«Здравствуй, моя дорогая девочка!

Позволь мне называть тебя так, словно мы по-прежнему живем среди густых зарослей и извилистых полевых дорог. Я знаю, что прошу неосуществимого, но прошу лишь с той целью, что только так, называя тебя твоим истинным именем, я смогу сказать все. Я не имею права писать тебе, и верь, дорогое моему сердцу существо, я понимаю это как нельзя лучше. Но и молчать, не зная о твоей судьбе ровным счетом ничего, я больше не могу. Мне запрещено говорить о чувствах к тебе, мне — человеку, коему было доверено такую тонкую и чуткую натуру, человеку, посягнувшему на святое, человеку, потерявшему все, но испытавшему счастье. Мне нет прощенья, и пусть мое обещание не искать твоего снисхождения будет нарушено, позволь мне сделать это еще раз. Мне было бы достаточно его, чтобы умереть в мире и покое. Но я жив, и живу… Моя жизнь вся твоя, но она тебе ни к чему — твой дух нуждается в силе, куда более действенной, нежели я могу дать. Знал ли я это до всего случившегося с нами? Знал.… Я буду честным перед той единственной в моей жизни, которая смогла избавить мое сердце от многолетней пустоты, и которой я нанес такую незаживляемую рану. Я знал это с самого начала, знал, но не оставил тебя. А значит, я сломил тебя, как срывают еще зеленые ягоды в лесу, как губят едва набухшие от весенних дождей почки на деревьях…Знай, меня не пугают муки и терзания собственной совести по ночам, ибо даже с самим собой я не так откровенен, но когда я вспоминаю о тебе, мне становится страшно. Я боюсь, что твоя душа не приняла нового мира и чужих людей, боюсь, что ты будешь думать о них скверно и судить излишне строго. Ты имела столь наглядный пример. Я согласен, большинство из них не стоят ни твоего взгляда, ни твоей тени, которую я так любил ловить в воде, но они — твое спасение. Что я пишу? Ты даже представить не можешь, какое это по счету письмо, какая попытка сказать тебе все то, без чего уже невозможно встречать новый день. И решусь ли я отправить это?

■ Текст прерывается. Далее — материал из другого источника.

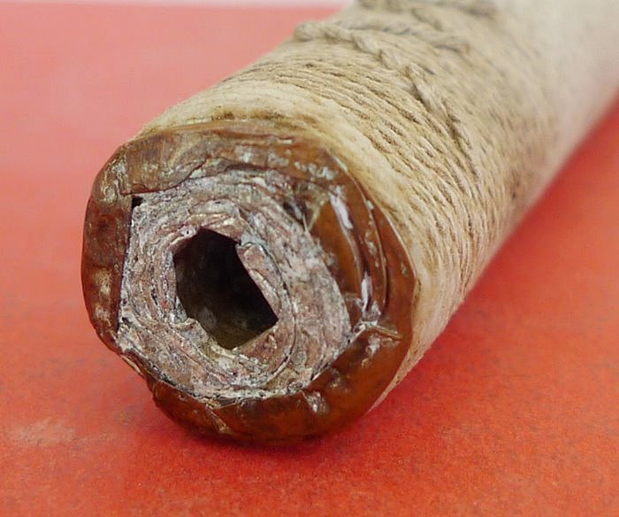ตะกรุด6.7นิ้ว เนื้อมิเนียม+ทองแดง ถักเชือกปอแก้ว เคาะเดียวแดง300
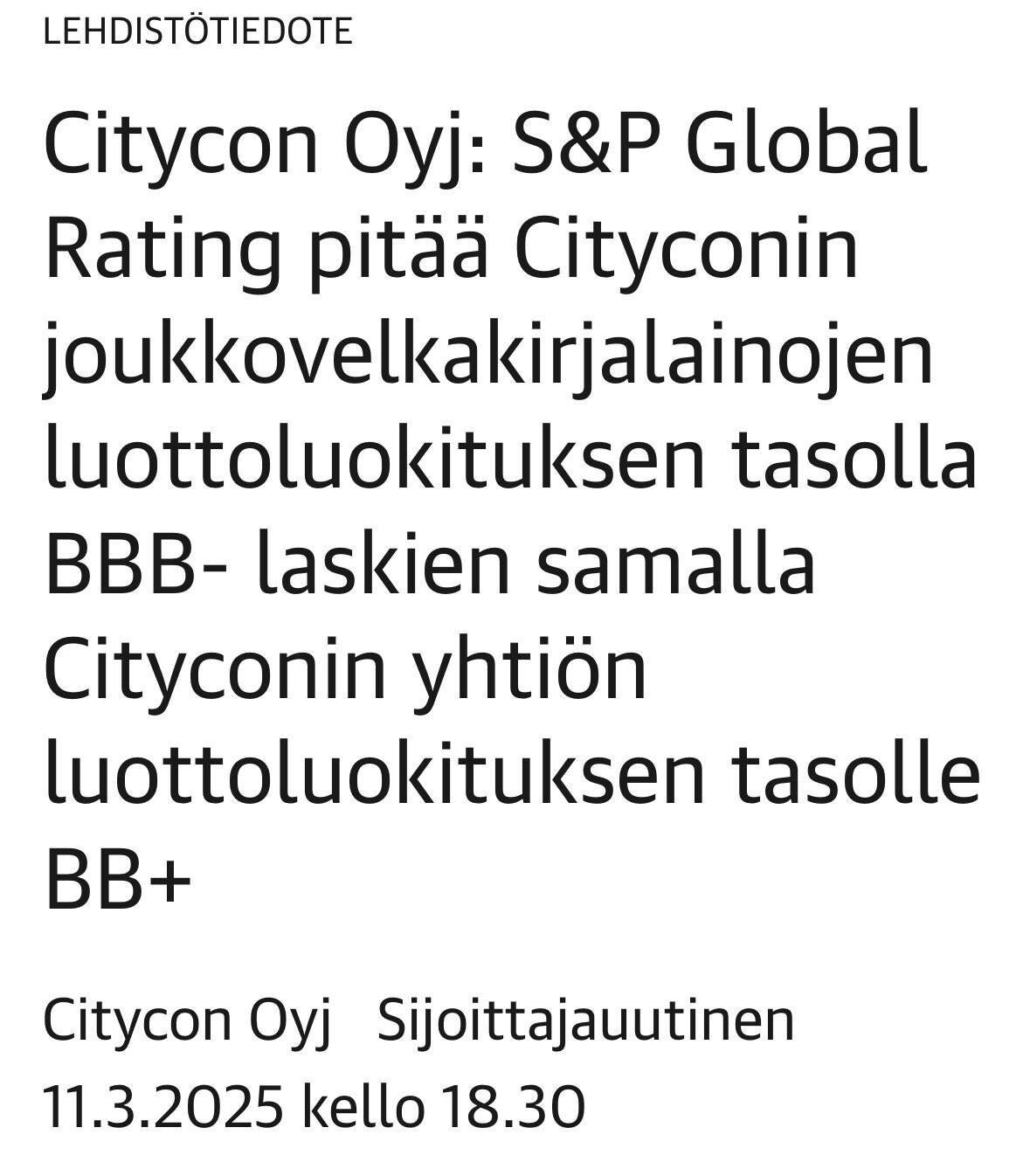 OP kertoo, että S&P pudotti Cityconin kaikki lainat eilen ns roskaluokkaan. Yhtiö ei ole asiasta tiedottanut, mutta eihän tuo niin tärkeää olekaan velkaisellw kiinteistöyhtiölle…
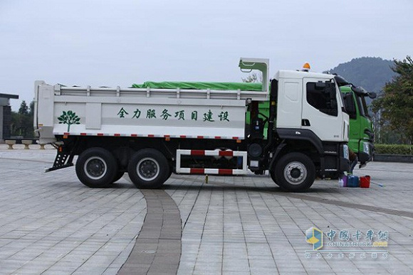 而轻量化方面,乘龙H5渣土车在保障承载、安全的前提下,对底盘进行优化设计,并应用轻量化材料,如车架、悬架、储气筒、油箱等,使自重降低300公斤以上,自重更轻,承载更多,油耗更低。
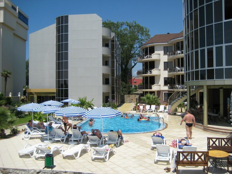 Отдыхали с семьей в сентябре.Я много где отдыхала в России и за границей,сама турагент,поэтому сразу напишу плюсы и минусы 1)Номер большой обычный,все необходимое есть (холодильник,чайник с чашками,стаканы).Большой и жирный минус -уборка,точнее ее отсутствие(раковины и ванну вообще не мыли пока не попросишь,на полу как сок ребенок пролил так почти 2 недели все липкое и было),нужно было просить,чтобы помыли раковину и ванну..хотя за 6000 в сутки мне кажется уборка итак должна входить,а не просить каждый раз).Полотенца грязные в каких-то пятнах -уже давно поменять не мешало бы… 2)Отдельная тема замки-дверь так громыхает ,что слышно как сосед в конце коридора заходит к себе,неудобно если ребенок спит,а ты хочешь выйти из номера то тихо это не получится и зайти тоже 3)Территория компактная зеленая,хороший бассейн с подогревом спасал в плохую погоду 4)детская площадка одно название -старая,сломанная,из крыши торчит саморез,что ребенок чуть не напоролся…если администрация читает отзывы,ну вложитесь уже в площадку,а то прям совсем печально 5)Питание не входит в стоимость,но местная столовая по сравнению со столовыми дальше так себе ….с голоду не дадут умереть,но каждый день одно и тоже и особо выбора нет,порции маленькие за такие деньги(поэтому кто будет отдыхать рекомендую прогуляться в столовую Бристоль -вкусно и демократично) 6) Море находится в 5-7 минутах ходьбы,пляж галька как и везде в Лазаревском,лежак на полдня стоит 700р 7)Александр массажист молодец,его рекомендую,кто хочет поправить спину-старается,молодец! Итог-вернемся ли мы сюда снова?нет…мое мнение цена-качество не соответствует….за такие деньги можно поискать варианты получше

Я оставил практику и уединился в своем доме. Ты знаешь, как в нем тихо и спокойно, и никто не может помешать моему затворничеству. Я живу в мире воспоминаний о тебе, самого дорогого наследия, которое досталось мне ценой непомерно высокой, ценою твоего бесчестия. Но я не ищу оправданий, это было бы низко, грубо и слабовольно… Я даже не имею права любить тебя, я не смею чувствовать все то, что продолжает во мне жить на расстоянии и во времени, вдали от тебя. Я запрещаю этому чувству брать вверх, но силы мои на исходе. Я, кажется, проиграл, и, как раненый солдат, который лишился боевого знамени на поле битвы, отныне уже не вижу смысла в своем спасении. Но я хочу верить в то, что ты живешь и смотришь на небо своими большими глазами, той бездной, в которой тонули корабли Корсики и Константинополя. В том море, которое мне уже не забыть.… И когда я возвращаюсь в прошлое, я, как и раньше, не нахожу ни одной причины, по которой ты могла бы остаться со мной — немолодым и неудачливым врачом, лишившим тебя мечты, а себя уважения, и, следовательно, потерявшим всякую надежду на будущее. Ведь жить с прошлым тебе было опасно, и твое прошлое было тому подтверждением. Прости меня во имя любви, так как это чувство нельзя запятнать, прости меня за мою слабость к тебе, за мою безнравственность, прости за все… Да, я не решился признаться в этом во время нашего прощания, мне не хватило духу показать свои подлинные чувства. Мой страх оказался сильнее меня. И что я получил взамен? Я пишу это письмо, то немногое, на что еще способен, только для того, что бы сказать: "Никого и никогда я не любил так сильно, так страстно и безответно, так безгранично, как тебя". Я прошу тебя об одном, если я решусь отправить это признание, а ты сможешь его прочесть — не суди меня строго, прими его таковым и забудь обо мне. Моя незабвенная любовь, твоя жизнь должна быть прекрасной, светлой, тонущей в лучах апрельского солнца. Ты заслуживаешь, как никто другой, на рай на земле, ты обязана жить в любви, и так будет правильно, и не иначе. Твое счастье — это мое спасение, это также и твое спасение, незаменимое лекарство от твоего недуга, и мое единственное желание в этом мире. Пусть же меня терзают мысли о твоей судьбе, но я уже не жду ответа — это было бы нелепо с моей стороны, хотя я так неистово желаю быть услышанным…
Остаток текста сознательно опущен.